Ayrıca daha düşük dirence sahip elektrik telleri üreterek transfer sırasında elektrik hatlarında kaybedilen gücü azaltma hedeflenmektedir.
Nanoteknolojik yeni paneller sayesinde güneş panellerinin verimini arttıracaktır. Güneş panellerinin kâğıt inceliğine indirilmesine hatta “boya” olarak kullanılabilmesine olanak sağlayacak çalışmaların yanı sıra daha fazla enerji tutan, daha hafif, daha hızlı şarj olan ve daha uzun süre şarjlı kalan bataryalar üretilmesi hedeflenmektedir.
Verimli aydınlatma sistemleri üreterek enerji tüketimini dünya genelinde azaltılmasına yönelik çalışmalar da sürdürülmektedir.
d) Çevre Alanındaki Gelişmeler:
Nanoteknoloji çevresel atıkların temizlenmesi için de kullanılabilir.
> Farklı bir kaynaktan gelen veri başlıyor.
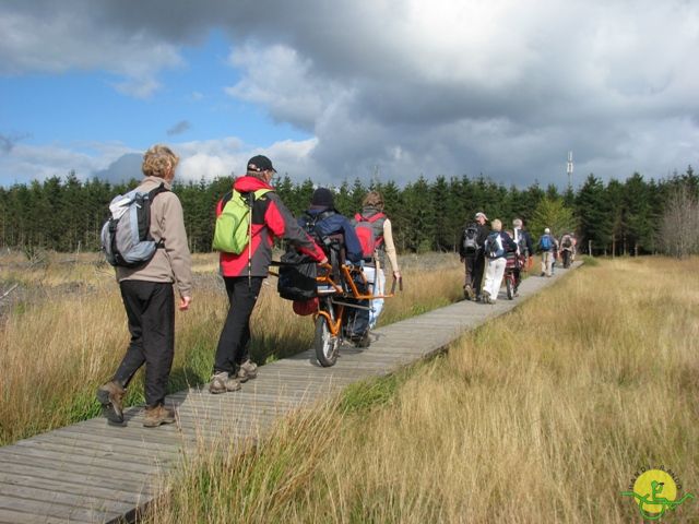 4 PMR et 14 accompagnateurs (dont 4 non ou mal-voyants) pour une boucle de 10 km au départ de Botrange avec jonction à la Baraque Michel par le versant nord en suivant le bord des zones C. Le retour s'est effectué par la Fagne de Polleur et la station du Mont-Rigi.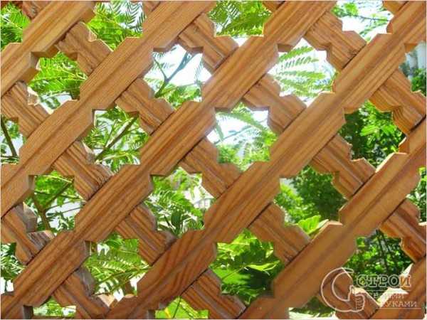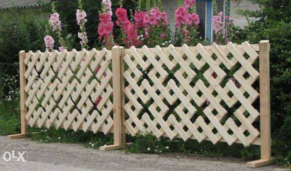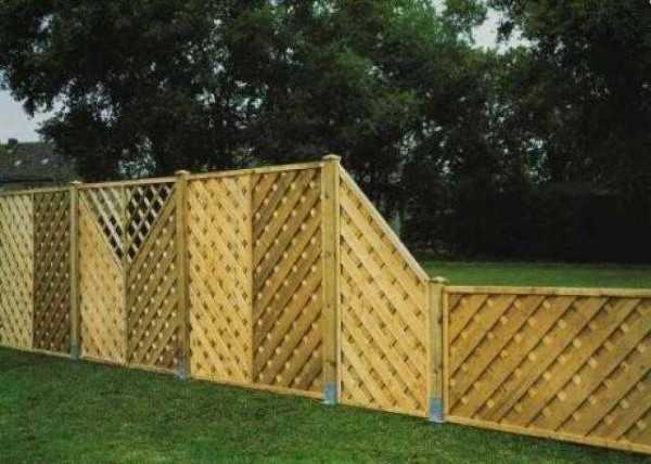 Из тонких, и не очень, планок делают самые разнообразные решетки: с разным углом, частотой расположения планок и т.д. Эти ограды играбт скорее декоративную роль и используются или для ограждения внутри — вод воре, в саду — или для парадного входа — чтобы обозначить границы, но не закрывать красоту.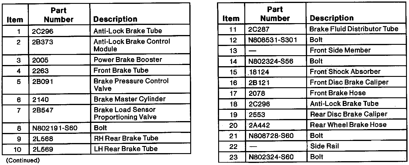 Brake Hydraulic Components, Sedan (Part 1 Of 2):

Nanoteknolojik gelişmelerle su kirliliğinin düşük maliyet ile tespit edilip temizlenmesini sağlayarak temiz ve ucuz içme suyu ihtiyacı karşılanabilecektir. Mühendisler geliştirdikleri nano gözeneklere sahip ince film zarlar ile normal filtrelere göre iki ile beş kat arası daha fazla su filtre etmektedir.
Yeraltı sularındaki endüstriyel kirleticileri, kimyasal reaksiyonlar ile zararsız hâle getiren nano parçacıkların üretilmesi sayesinde suyun temizlenmesine olanak sağlayacak teknolojiler için çalışmalar yapılmaktadır. Araştırmacılar nanoteknoloji ile kendi ağırlıklarının yirmi katı petrolü emebilen nano kumaşlar, ışığa maruz kalınca kendi kendini temizleyen kumaşlar gibi çevre dostu ürünler üretebilmeyi başarmışlardır.
e) Ulaşım Alanındaki Gelişmeler:
Nanoteknoloji daha hafif, güvenli, akıllı ve verimli taşıtların yapılması için çok fonksiyonlu materyallerin üretilmesini vadetmektedir. Ayrıca ulaşım altyapısının geliştirilmesi de araştırma konusu olmuştur.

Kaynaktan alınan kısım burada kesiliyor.